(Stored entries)

------------------------

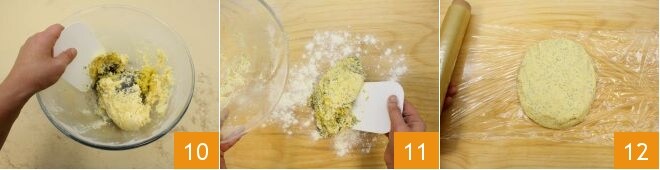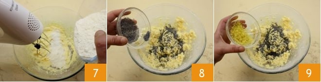 Ajoutez petit à petit les poudres tamisées au mélange de sucre et de beurre 7 et mélangez pour obtenir une pâte claire et mousseuse ; ajoutez les graines de pavot 8 et le zeste de citron râpé 9.
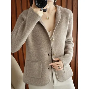 Women’s Cardigan Sweater Hooded Cable Knit Acrylic Button Pocket Fall Winter Long Outdoor Going out Weekend Stylish Casual Soft Long Sleeve Pure Color Red Brown Black Light Green S M L
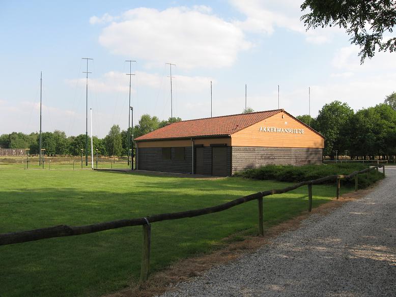 12. Groote Heide, met op de achtergrond het gebouw van het Akkermansgilde, en de schietbaan.
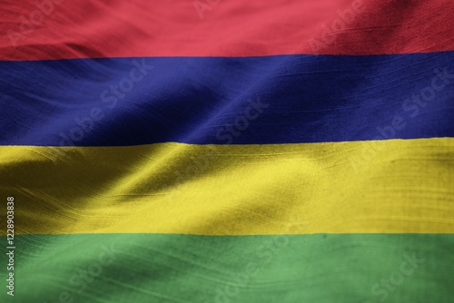 Naklejka premium Closeup of Ruffled Mauritius Flag, Mauritius Flag Blowing in Wind
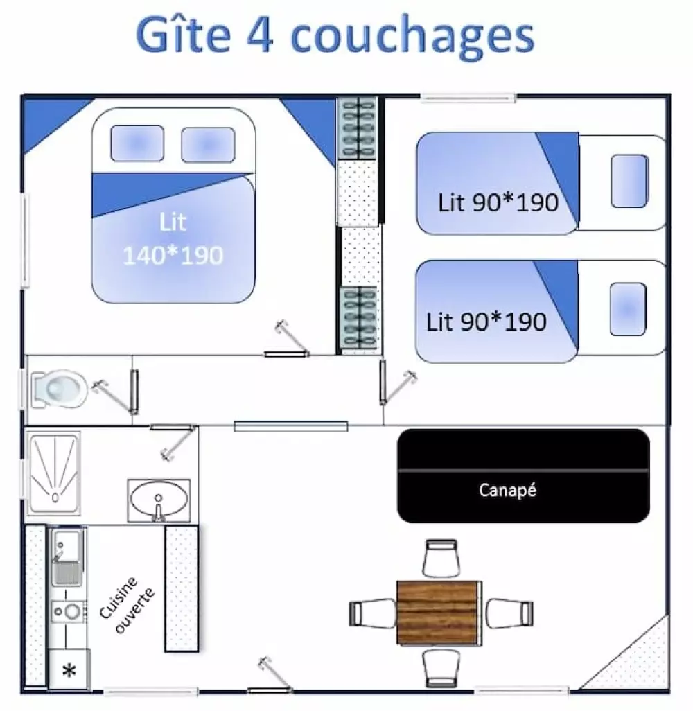Services : Location de lit bébé* et chaise haute* (sur réservation auprès du site). Espace buanderie : lave-linge*.
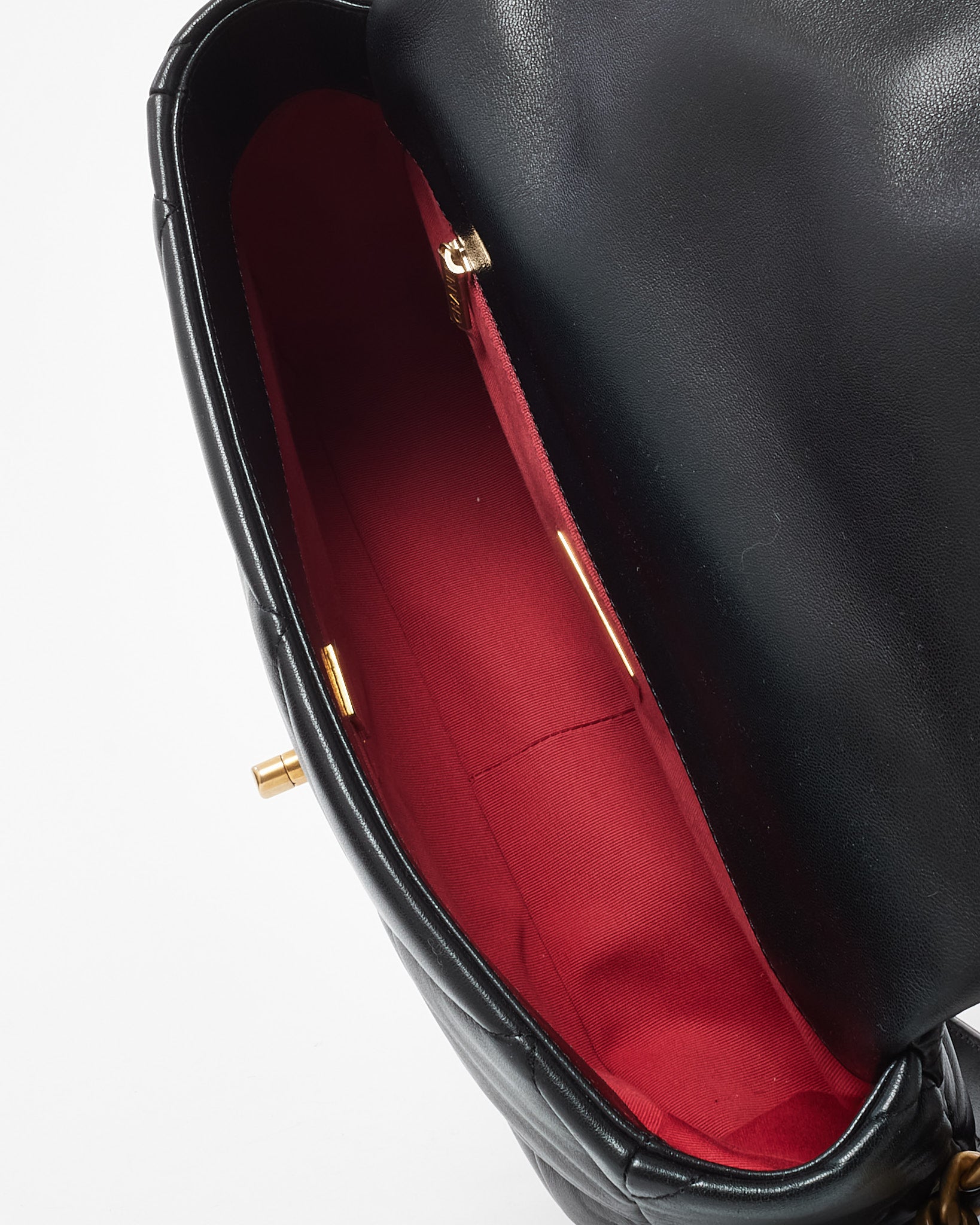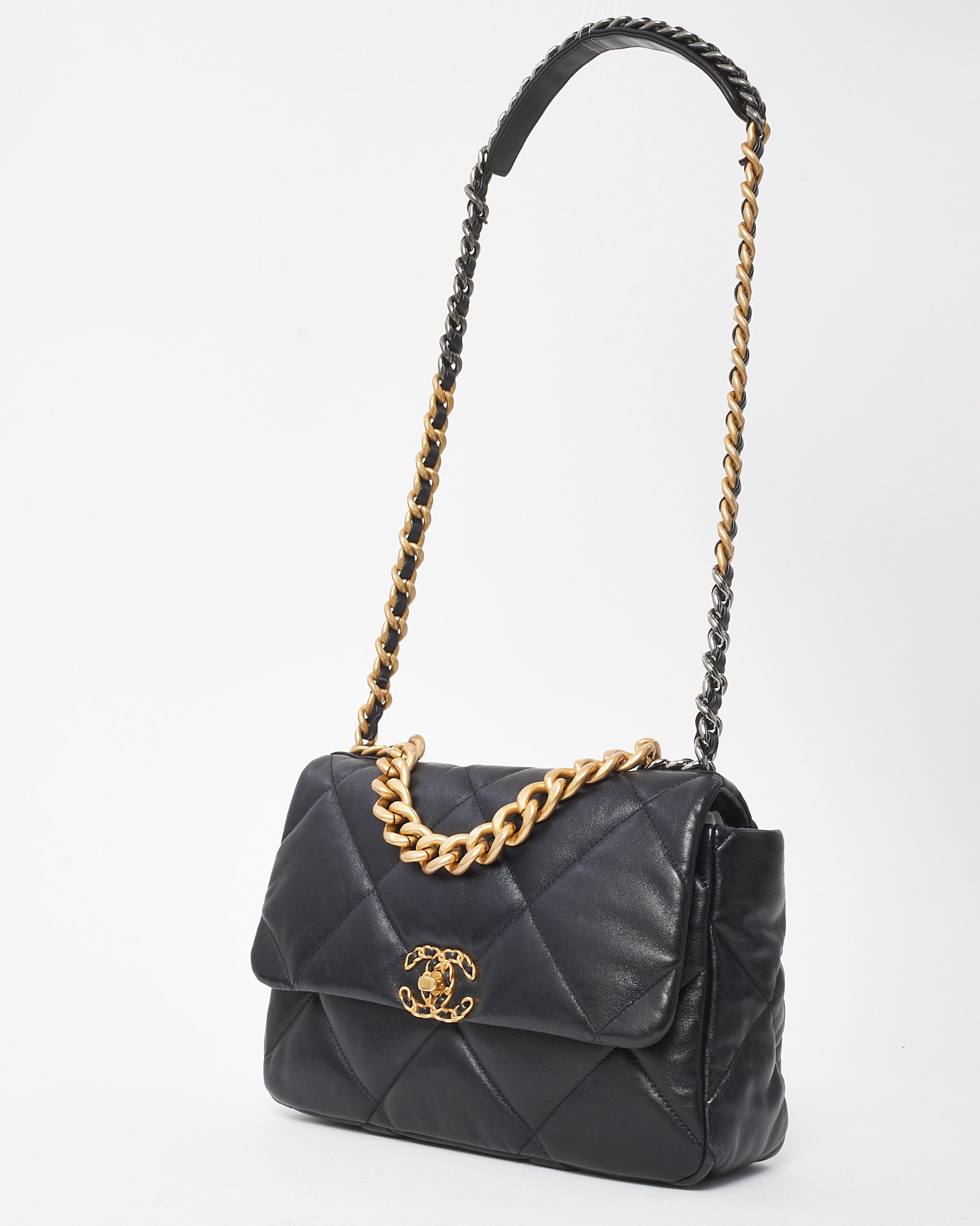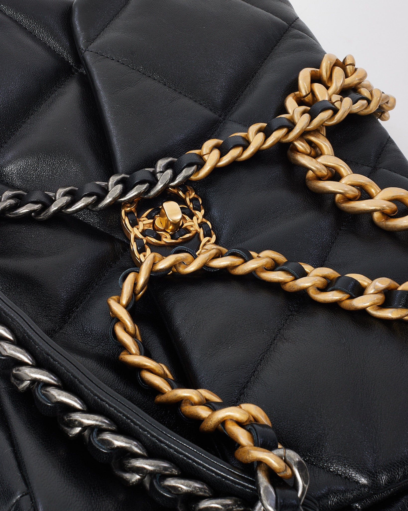 Black Quilted Shiny Lambskin Leather Large Chanel 19 Bag

------------------------

Letter for letter, reproduce every record above and skip the pictures.

_Written response_
 Ajoutez petit à petit les poudres tamisées au mélange de sucre et de beurre 7 et mélangez pour obtenir une pâte claire et mousseuse ; ajoutez les graines de pavot 8 et le zeste de citron râpé 9.
 Women’s Cardigan Sweater Hooded Cable Knit Acrylic Button Pocket Fall Winter Long Outdoor Going out Weekend Stylish Casual Soft Long Sleeve Pure Color Red Brown Black Light Green S M L
 12. Groote Heide, met op de achtergrond het gebouw van het Akkermansgilde, en de schietbaan.
 Naklejka premium Closeup of Ruffled Mauritius Flag, Mauritius Flag Blowing in Wind
Services : Location de lit bébé* et chaise haute* (sur réservation auprès du site). Espace buanderie : lave-linge*.
 Black Quilted Shiny Lambskin Leather Large Chanel 19 Bag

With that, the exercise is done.